═════ TASK DATA ═════

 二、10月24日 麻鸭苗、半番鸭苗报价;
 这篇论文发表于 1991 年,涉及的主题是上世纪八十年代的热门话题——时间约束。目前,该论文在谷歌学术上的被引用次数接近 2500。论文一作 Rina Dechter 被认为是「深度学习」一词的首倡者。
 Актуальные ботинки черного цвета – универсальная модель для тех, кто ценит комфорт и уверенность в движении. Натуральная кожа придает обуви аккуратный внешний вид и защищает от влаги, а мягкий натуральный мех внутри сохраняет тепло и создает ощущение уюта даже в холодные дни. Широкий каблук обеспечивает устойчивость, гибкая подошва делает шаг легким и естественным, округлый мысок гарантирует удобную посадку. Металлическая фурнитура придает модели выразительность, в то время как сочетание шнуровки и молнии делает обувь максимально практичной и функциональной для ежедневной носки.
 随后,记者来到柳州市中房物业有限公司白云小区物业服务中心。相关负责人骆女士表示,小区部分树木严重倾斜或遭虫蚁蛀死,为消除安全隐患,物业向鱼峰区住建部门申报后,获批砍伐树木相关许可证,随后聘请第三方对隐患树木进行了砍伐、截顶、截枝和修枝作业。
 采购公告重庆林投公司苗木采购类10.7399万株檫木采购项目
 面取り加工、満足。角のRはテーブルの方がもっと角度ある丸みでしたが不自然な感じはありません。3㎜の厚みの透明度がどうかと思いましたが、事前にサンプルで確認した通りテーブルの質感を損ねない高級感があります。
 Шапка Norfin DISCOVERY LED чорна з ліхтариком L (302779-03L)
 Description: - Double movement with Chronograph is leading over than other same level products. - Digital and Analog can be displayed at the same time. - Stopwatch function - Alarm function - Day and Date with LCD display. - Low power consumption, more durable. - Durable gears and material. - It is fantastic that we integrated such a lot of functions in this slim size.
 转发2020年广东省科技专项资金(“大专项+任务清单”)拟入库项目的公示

═════

__ABOUT THIS TASK__.
Respond with an exact reproduction of the lines running from the one that contains "Шапка Norfin DISCOVERY" through the end of the material.

__RESULT OF THE EXERCISE__.
 Шапка Norfin DISCOVERY LED чорна з ліхтариком L (302779-03L)
 Description: - Double movement with Chronograph is leading over than other same level products. - Digital and Analog can be displayed at the same time. - Stopwatch function - Alarm function - Day and Date with LCD display. - Low power consumption, more durable. - Durable gears and material. - It is fantastic that we integrated such a lot of functions in this slim size.
 转发2020年广东省科技专项资金(“大专项+任务清单”)拟入库项目的公示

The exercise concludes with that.